5. Contribute to Retirement
Strategy number five is to put excess profits into a retirement account. This is related to the first strategy of paying bonuses to employees. But it is quite different because a regular bonus is going to have taxes come out as if it were payroll. In comparison, when money is allocated into a retirement account, there is no tax. The caveat is the beneficiary cannot really touch it until what is considered retirement age. But it is possible that the profit from the business [into a retirement account] can make you a millionaire well before age 60 because of compounding interest. There are contribution limits and other stipulations which govern retirement accounts. Talk to your CPA.

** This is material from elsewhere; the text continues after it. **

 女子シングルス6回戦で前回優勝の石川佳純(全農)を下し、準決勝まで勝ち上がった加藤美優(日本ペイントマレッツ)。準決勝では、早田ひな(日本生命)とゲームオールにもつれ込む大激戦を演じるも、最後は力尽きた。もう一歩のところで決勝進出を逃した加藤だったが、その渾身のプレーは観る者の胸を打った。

6. Write Off Unsellable Inventory
Once again, we are working our way through how to avoid paying small business taxes for good. Strategy number six is to check to see if the business is in possession of obsolete, stale, defective, or damaged inventory. Many businesses will occasionally encounter items that cannot be sold for various reasons. If your business has unsellable inventory, determine the monetary value of the loss and inform your CPA.

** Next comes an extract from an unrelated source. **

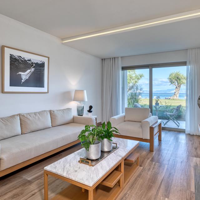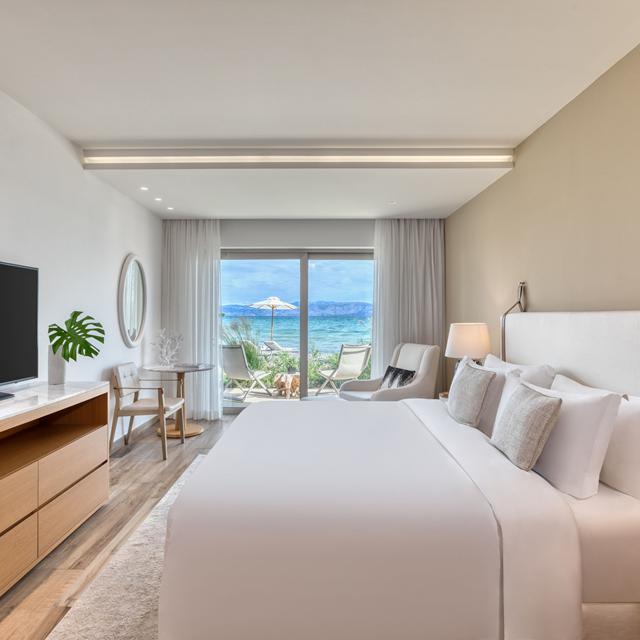 De Emerald Retreat hotelkamers en suites zijn riant en pure verwennerij, bijna beter dan thuis. Voor wie net een beetje meer wil, zijn er ook suites die een mooi uitzicht over de Ionische Zee bieden. Zet die openslaande deuren naar je terras open, dan word je wakker met het ruisen van de zee op de achtergrond. Overdag kun je de lijn van relaxen doortrekken bij het zwembad of privé-strand. Onder het genot van een koel drankje en in de schaduw van de wuivende palmbomen … Genieten!

NOTE: The more inventory you can write off, the lower your tax burden will be.
Often, there are new trends and what was in style 5 years ago is no longer in style. So, bad inventory can be written off to reduce taxes. What happens to unsellable inventory once it has been written off? It can be donated to charity, used for parts, marked down and resold, or simply destroyed.
7. Have a Sale
Strategy number seven affects businesses who deal in inventory: traditional retailers. One way to reduce tax liability is to strategically eliminate inventory. This can be done by having a sale. A while ago, I did a video explaining why there really is no such thing as a holiday sale. The markdowns that take place around November or December have more to do with the U.S. tax code.

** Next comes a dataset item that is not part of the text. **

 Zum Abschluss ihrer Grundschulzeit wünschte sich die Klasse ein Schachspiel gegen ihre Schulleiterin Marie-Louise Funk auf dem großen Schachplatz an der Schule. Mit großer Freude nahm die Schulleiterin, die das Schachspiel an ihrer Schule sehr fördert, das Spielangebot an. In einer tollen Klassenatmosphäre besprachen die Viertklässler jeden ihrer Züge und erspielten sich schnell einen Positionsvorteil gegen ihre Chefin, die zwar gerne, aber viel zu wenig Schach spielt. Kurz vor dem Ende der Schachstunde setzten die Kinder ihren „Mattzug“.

The IRS treats excess inventory as money in the bank that has yet to be realized. So, to avoid paying taxes, a prudent entrepreneur should eliminate excess inventory. One way to do this is by having a sale. Much of the inventory needs to be liquidated before the year ends.
Once the sale has completed, the business has essentially traded tangible goods for dollars. Let's assume the business made a profit; even on marked down goods. So, what happens with this new infusion of cash? An entrepreneur can now implement any of the strategies discussed earlier. One possibility is to strategically take on debt by buying new inventory. The purchase of any new inventory should take place in the current year that is ending. It is generally not advised to take possession of new goods until the following year.
Bonus Tax-Saving Tip
This article highlighted seven strategies on how to legally hide business profits and avoid paying taxes. Once again, here are the seven ways:
- Employee bonuses
- Charitable donations
- Shop for needed items just before the year ends
- Pay down inevitable expenses in advance
- Contribute to retirement
- Write off bad inventory
- Have a sale to get rid of excess inventory
I’ll leave you with an additional word of advice: A common mistake that entrepreneurs make is incurring huge sums of money right before the end of the year. If you come into a large amount of cash in December, and you have a plan to invest it in such a way that it lowers your tax burden, then you are safe. Whenever possible, entrepreneurs should avoid any and all big money deals at the end of the year because it is difficult to get rid of a nest egg by December 31st.
As soon as the money is incurred, the clock is ticking. If the business inherits $400,000 in December, there will be a massive tax bill, assuming the money was not reallocated before December 31st. But, if the transaction was delayed and the money taken at the beginning of the year, it is much easier to account for the excess cash and make prudent investments so that the year ends with minimal profit.